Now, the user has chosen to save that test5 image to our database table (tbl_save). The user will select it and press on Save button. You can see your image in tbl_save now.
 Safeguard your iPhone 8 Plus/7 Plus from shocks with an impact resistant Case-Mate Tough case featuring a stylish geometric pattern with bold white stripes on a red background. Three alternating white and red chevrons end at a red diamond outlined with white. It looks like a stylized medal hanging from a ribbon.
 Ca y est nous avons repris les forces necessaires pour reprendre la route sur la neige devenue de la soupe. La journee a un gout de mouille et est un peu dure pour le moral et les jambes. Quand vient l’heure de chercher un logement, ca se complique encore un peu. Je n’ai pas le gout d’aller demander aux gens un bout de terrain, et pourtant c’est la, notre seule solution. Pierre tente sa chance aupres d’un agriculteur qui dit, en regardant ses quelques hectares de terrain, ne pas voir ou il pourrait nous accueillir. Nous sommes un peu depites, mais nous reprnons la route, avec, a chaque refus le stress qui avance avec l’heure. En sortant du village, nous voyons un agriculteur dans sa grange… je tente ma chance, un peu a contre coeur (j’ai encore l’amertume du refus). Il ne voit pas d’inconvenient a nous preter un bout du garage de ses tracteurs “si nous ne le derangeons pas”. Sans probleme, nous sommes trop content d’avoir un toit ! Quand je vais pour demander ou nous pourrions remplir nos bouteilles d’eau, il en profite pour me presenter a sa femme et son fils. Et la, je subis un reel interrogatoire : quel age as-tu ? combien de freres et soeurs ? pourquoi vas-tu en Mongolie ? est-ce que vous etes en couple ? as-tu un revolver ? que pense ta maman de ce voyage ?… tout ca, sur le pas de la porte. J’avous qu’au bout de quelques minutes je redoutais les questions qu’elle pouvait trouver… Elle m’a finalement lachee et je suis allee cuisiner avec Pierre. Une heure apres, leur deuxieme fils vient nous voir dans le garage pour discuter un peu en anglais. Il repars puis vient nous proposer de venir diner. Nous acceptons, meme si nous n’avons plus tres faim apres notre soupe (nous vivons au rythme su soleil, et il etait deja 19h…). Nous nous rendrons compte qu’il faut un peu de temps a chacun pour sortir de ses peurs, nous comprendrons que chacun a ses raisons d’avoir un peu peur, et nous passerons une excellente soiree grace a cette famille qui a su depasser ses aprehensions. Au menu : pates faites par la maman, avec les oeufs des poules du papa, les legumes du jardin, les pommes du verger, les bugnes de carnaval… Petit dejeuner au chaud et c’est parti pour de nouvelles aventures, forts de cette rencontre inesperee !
============================================================
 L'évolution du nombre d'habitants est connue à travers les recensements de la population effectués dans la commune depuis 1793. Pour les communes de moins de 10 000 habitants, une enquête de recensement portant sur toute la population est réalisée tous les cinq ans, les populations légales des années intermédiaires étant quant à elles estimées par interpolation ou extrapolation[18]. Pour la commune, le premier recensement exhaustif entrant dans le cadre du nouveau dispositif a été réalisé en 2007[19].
============================================================
In the listing above, locate the line containing "Now, the user" and the line containing "Safeguard your iPhone", then transcribe both and every line between them verbatim.

Now, the user has chosen to save that test5 image to our database table (tbl_save). The user will select it and press on Save button. You can see your image in tbl_save now.
 Safeguard your iPhone 8 Plus/7 Plus from shocks with an impact resistant Case-Mate Tough case featuring a stylish geometric pattern with bold white stripes on a red background. Three alternating white and red chevrons end at a red diamond outlined with white. It looks like a stylized medal hanging from a ribbon.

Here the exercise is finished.